Trentin e Magri avevano aperto il fronte nei riguardi, proprio delle posizioni
amendoliane in nome di una lettura avanzata del processo di ristrutturazione
capitalistica in Italia, una volta morto Togliatti e poi spenti i fuochi
dell’XI congresso e radiato il gruppo de “il Manifesto” non risultò possibile
di aprire un confronto di fondo portando avanti il dibattito aperto ad
iniziativa di quella che poi sarebbe stata definita “sinistra comunista”:
iniziativa avviata essenzialmente grazie ad una riflessione di Rossana Rossanda
e Lucio Magri . I due fondatori de “il Manifesto” rimproveravano,
sostanzialmente, allo storicismo di aver oscurato il nocciolo teorico di
Labriola e Gramsci (Magri riprende il tema ne “Il sarto di Ulm”, testo
fondamentale da confrontare soprattutto nella definizione del “genoma” Gramsci
e per affrontare seriamente quello che può essere ancora definito come “lascito
inevaso”).
Secondo
Magri e Rossanda nel post – togliattismo il marxismo era stato annacquato nel
quadro di una tradizione dai contorni imprecisi. Il PCI nella fase turbinosa
degli anni’60 aveva così stabilito un primato del politico sull’economico
smarrendo il nesso tra teoria e prassi, tra scienza e storia, oscillando così
tra il riferimento di una realtà di pura empiria ( ancora attribuita all’ala
amendoliana del partito) e di un semplice finalismo volontaristico e non
riuscendo ad individuare così lo svilupparsi di nuovi livelli di espressione
della contraddizione di classe e di profonda modificazione nel rapporto tra
struttura e sovrastruttura. Entrambi i due punti di osservazione
critica fin qui citati, quello dei “Quaderni Rossi” e quello del “Manifesto”

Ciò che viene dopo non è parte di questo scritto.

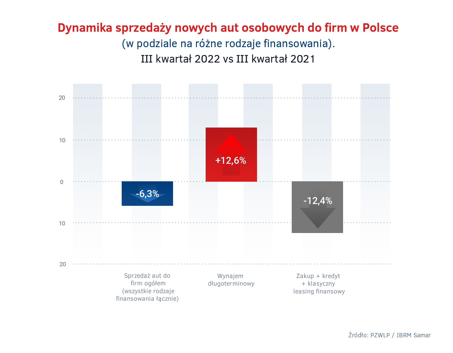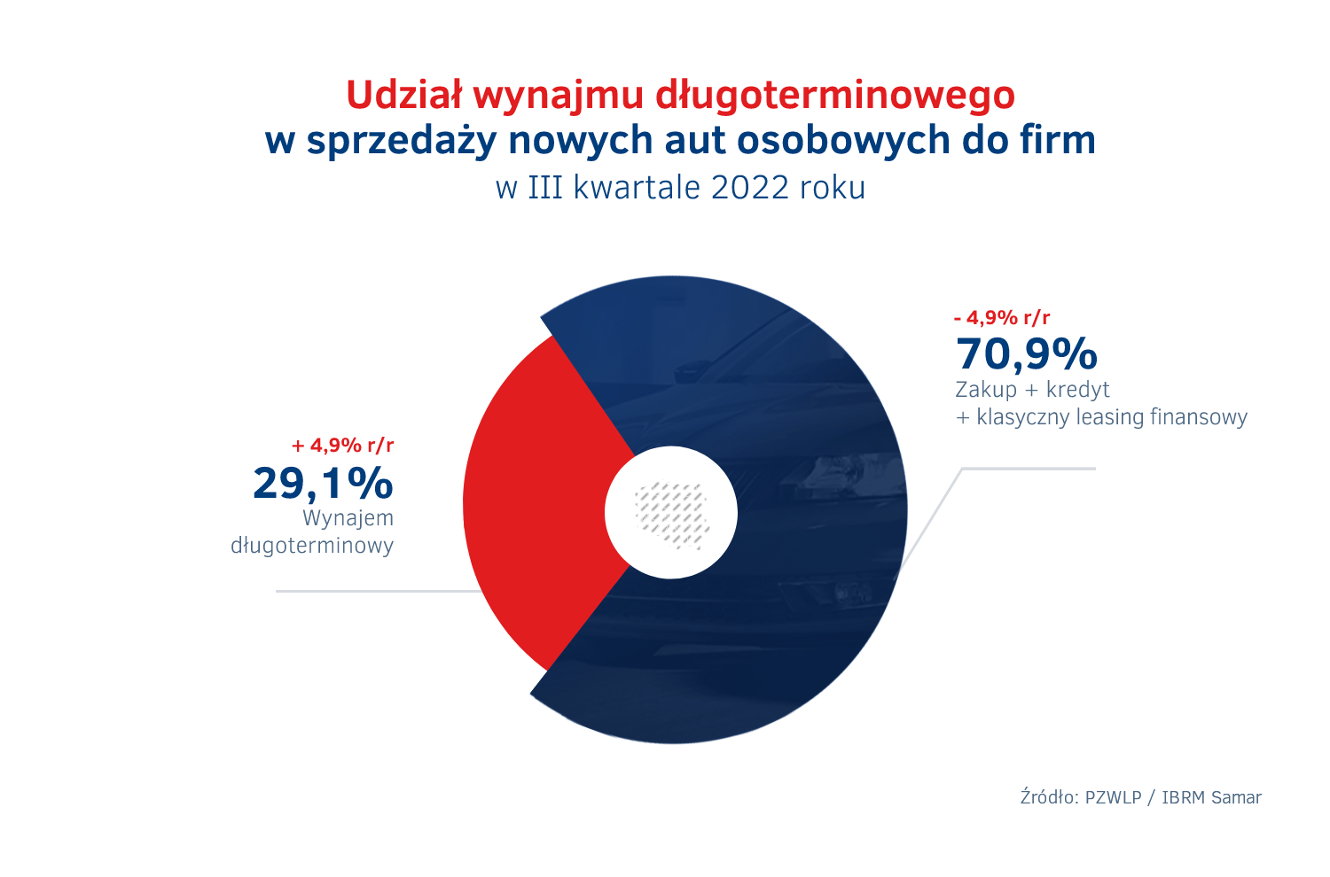 Rosnąca sprzedaż w wynajmie, przy jednoczesnych spadkach w tym zakresie w pozostałych formach finansowania, skutkowała znaczącym zwiększeniem udziału wynajmu długoterminowego w ogólnej liczbie sprzedanych w Polsce w trzecim kwartale 2022 r. samochodów osobowych. Na 73,8 tys. aut, które łącznie nabyły w tym czasie firmy, 29,1% pojazdów (21,5 tys.) znalazło się w wynajmie długoterminowym. Udział wynajmu długoterminowego w sprzedaży samochodów osobowych do firm w naszym kraju zwiększył się aż o 4,9 p.p. w ciągu roku.

affrontarono anche il nodo di fondo del rapporto tra il partito e la classe,
mettendo in discussione la forma sostanziale del “centralismo democratico” e
inerpicandosi per diversi sentieri nella ricerca della “via consiliare”. Non si
riuscì però a realizzare un sufficientemente incisivo dato di contrasto e, alla
fine, si scoprì che all’interno del PCI proprio il modello del “centralismo
democratico” aveva scavato un vuoto di dibattito che risultò esiziale, nella
contrapposizione delle mozioni, al momento di affrontare le proposta di
scioglimento. Dai "Quaderni Piacentini" ai
“Quaderni Rossi” a “il Manifesto” restarono così punti irrisolti di dibattito
che forse avrebbero dovuto essere sviluppati con una capacità critica portata
molto più a fondo di quanto non fu possibile concretamente realizzare in quel
tempo. Quegli spunti di dibattito appena
citati incontrarono, del resto, limiti forti di vero e proprio politicismo
allorquando nel PCI emerse la linea del “compromesso storico”, elaborata
attraverso una ipotesi di non semplice intento di determinare equilibri tattici
dettati dal momento storico (golpe cileno) ma come frutto di una lettura che
arrivava direttamente dall'antico fronte antifascista ma ormai insufficiente e
fortemente ritardata del rapporto che si era modificato tra sistema politico e
società italiana nella fase più acuta di passaggio dalla ruralità
all'industrializzazione e di modernizzazione del capitalismo. Modernizzazione del capitalismo che
avrebbe dovuto prima di tutto essere considerata nella nuova logica della
globalizzazione e della scarsità di risorse (ritardo di analisi che poi emerse
in tutta la sua crudezza al momento della crisi energetica del '74, cui
Berlinguer rispose tardi invocando una ipotesi di "austerità"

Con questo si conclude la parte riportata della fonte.